NavList:
A Community Devoted to the Preservation and Practice of Celestial Navigation and Other Methods of Traditional Wayfinding
From: Bill Lionheart
Date: 2016 Jan 27, 23:31 -0800
Thanks to every one for the really helpful info and ideas. My daughter is a profession photographer and is home at the weekend so I thought I might enlist her help as she has one of the top Canon professional 35mm DSLRs (I cant remember which model) which has a full size sensor and a 50mm prime lens. My plan was to try this on a standard tripod at home.
Peter's suggestion of a long and short exposure is an interesting one I had not thought of that. I was assuming I would take several in quick succession on a setting that is a compramise for the moon and the star.
Then the fun starts to do the image processing. I had not thought much tabout the moon's features.
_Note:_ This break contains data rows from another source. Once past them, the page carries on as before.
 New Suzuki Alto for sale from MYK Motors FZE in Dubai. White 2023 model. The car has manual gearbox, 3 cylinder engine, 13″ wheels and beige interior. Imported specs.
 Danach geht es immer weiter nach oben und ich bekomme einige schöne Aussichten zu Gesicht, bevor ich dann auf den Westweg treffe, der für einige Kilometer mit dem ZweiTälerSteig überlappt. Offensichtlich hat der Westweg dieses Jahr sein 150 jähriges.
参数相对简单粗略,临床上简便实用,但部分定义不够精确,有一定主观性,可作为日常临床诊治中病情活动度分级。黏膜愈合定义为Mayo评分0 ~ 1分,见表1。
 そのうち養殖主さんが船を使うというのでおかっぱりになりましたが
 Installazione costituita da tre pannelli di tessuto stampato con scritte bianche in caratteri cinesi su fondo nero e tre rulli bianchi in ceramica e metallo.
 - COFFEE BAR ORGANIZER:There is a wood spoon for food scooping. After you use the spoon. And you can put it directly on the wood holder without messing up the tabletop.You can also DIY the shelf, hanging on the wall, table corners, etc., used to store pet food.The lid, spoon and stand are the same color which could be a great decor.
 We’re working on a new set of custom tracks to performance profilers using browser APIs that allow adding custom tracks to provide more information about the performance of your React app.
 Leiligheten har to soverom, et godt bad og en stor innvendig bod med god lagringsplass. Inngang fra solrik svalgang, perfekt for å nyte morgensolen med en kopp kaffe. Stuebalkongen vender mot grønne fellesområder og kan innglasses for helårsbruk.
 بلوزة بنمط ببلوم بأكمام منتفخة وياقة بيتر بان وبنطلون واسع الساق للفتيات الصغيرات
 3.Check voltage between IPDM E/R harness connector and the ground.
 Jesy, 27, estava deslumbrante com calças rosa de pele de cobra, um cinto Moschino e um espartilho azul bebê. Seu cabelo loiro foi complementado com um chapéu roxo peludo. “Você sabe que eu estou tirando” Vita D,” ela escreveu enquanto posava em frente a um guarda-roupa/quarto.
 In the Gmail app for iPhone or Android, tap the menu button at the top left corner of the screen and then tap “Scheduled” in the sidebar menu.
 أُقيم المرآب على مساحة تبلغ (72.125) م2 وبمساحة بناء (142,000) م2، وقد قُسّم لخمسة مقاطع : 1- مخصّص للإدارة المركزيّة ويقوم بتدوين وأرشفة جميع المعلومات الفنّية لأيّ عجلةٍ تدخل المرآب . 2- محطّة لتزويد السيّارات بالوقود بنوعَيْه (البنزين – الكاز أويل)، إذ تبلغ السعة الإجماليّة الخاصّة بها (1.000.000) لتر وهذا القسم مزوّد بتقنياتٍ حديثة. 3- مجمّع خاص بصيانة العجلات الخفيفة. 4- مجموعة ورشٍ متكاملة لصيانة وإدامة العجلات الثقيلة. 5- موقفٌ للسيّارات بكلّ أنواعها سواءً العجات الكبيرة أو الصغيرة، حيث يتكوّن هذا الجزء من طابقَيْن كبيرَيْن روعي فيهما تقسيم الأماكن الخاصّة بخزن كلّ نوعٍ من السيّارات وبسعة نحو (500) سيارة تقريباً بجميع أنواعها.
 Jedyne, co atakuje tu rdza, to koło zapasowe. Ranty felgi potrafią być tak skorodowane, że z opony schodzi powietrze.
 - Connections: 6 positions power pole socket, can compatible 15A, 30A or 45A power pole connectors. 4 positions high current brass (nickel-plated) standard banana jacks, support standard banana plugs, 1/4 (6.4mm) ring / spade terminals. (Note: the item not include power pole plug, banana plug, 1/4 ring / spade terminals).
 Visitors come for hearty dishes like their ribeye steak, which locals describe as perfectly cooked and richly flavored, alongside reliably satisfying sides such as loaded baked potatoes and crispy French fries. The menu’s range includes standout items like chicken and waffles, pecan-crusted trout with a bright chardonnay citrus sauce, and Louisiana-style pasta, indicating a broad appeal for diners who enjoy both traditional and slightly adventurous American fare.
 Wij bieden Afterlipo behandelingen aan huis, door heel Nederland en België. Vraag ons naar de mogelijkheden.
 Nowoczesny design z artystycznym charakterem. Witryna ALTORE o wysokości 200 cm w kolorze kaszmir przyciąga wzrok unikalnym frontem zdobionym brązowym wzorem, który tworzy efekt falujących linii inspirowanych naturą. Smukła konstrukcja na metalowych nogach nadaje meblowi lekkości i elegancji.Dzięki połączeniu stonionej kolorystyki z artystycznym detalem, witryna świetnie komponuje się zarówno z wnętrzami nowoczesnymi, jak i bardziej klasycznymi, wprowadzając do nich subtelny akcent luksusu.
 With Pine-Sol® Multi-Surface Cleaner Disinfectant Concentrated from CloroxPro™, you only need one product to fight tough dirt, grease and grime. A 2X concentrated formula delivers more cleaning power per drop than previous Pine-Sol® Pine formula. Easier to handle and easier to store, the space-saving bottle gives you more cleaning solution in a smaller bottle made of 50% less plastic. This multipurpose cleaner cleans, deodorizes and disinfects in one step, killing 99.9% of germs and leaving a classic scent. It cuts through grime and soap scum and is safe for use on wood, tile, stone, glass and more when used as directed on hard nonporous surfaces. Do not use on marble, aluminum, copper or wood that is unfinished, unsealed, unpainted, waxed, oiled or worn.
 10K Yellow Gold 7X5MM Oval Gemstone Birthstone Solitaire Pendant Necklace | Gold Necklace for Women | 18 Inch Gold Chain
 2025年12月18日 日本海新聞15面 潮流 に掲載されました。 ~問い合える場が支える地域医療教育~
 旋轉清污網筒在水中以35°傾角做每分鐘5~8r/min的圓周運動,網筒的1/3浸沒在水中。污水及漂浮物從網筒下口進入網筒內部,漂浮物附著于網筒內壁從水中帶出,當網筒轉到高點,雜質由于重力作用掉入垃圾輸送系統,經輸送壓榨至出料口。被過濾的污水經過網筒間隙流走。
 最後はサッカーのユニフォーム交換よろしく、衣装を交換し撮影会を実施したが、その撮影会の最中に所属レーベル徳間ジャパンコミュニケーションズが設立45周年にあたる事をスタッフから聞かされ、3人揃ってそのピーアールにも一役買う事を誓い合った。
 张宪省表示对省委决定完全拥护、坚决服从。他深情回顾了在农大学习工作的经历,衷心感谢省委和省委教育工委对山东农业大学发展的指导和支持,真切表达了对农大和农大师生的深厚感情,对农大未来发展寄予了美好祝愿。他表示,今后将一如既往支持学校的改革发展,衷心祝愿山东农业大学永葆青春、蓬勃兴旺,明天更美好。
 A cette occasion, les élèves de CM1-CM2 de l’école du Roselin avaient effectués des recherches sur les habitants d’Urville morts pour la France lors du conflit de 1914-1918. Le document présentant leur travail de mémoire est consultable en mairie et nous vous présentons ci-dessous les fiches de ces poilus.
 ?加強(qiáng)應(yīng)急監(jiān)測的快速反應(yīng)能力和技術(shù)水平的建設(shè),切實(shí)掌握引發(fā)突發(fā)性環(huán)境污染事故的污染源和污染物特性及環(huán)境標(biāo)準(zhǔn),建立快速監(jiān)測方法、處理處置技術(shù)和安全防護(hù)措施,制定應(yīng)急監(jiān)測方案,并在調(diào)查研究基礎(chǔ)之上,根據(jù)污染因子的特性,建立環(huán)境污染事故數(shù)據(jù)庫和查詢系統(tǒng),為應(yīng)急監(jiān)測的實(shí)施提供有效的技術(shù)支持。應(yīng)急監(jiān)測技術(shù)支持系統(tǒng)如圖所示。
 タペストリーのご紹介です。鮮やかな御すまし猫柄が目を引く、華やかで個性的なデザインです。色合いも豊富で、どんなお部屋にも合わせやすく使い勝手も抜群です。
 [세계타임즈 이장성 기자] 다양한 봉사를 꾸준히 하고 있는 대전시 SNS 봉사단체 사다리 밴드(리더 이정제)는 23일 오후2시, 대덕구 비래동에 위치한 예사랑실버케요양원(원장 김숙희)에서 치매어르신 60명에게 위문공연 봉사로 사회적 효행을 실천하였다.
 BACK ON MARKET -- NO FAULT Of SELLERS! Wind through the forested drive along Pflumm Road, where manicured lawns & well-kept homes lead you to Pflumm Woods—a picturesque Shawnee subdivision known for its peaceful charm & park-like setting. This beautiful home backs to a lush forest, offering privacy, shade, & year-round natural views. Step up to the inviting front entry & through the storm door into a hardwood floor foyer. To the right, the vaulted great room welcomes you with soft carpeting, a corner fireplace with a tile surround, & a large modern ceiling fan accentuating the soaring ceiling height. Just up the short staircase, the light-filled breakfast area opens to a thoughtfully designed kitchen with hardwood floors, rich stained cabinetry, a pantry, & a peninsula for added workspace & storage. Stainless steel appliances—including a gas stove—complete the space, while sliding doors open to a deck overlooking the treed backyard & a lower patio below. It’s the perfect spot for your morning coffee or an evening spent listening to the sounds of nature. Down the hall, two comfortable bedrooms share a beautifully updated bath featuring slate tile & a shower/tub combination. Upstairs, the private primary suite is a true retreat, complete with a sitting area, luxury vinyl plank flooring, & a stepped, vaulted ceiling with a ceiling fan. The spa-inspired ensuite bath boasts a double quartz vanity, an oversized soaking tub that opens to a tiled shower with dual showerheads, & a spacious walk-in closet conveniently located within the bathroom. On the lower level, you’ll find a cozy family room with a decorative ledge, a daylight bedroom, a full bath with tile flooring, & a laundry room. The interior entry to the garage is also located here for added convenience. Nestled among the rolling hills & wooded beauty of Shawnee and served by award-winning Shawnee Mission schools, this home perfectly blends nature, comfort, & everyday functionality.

I was asuming segmentation and least squares fit of a circle would be a good first stab.
What I was thinking in the long term is that as DSLR sensors improve in resoluution and low light capability at some point it might be possible to make an partially automated CN for use at sea as a fall back when all the satelites crash in to a crowd of space junk and all the GNNS systems fail. I wanted to see how close we are to this now with top of the range DSLRs. Of course luna distance for time correction makes me seem like a seriously crazy "disaster preper" as there are planty of HF time signals. Partly I wanted to have a try at this as I could do it more easily from home and it seems easier that an artificial horizon with a camera as the angle is smaller. It may be that the sensitivity of the sensors is more important than the pixel resolution so shorter exposures can be used on a moving deck. I I was thinking that "software" image staibilization might be possibe rather than a giroscopic mount.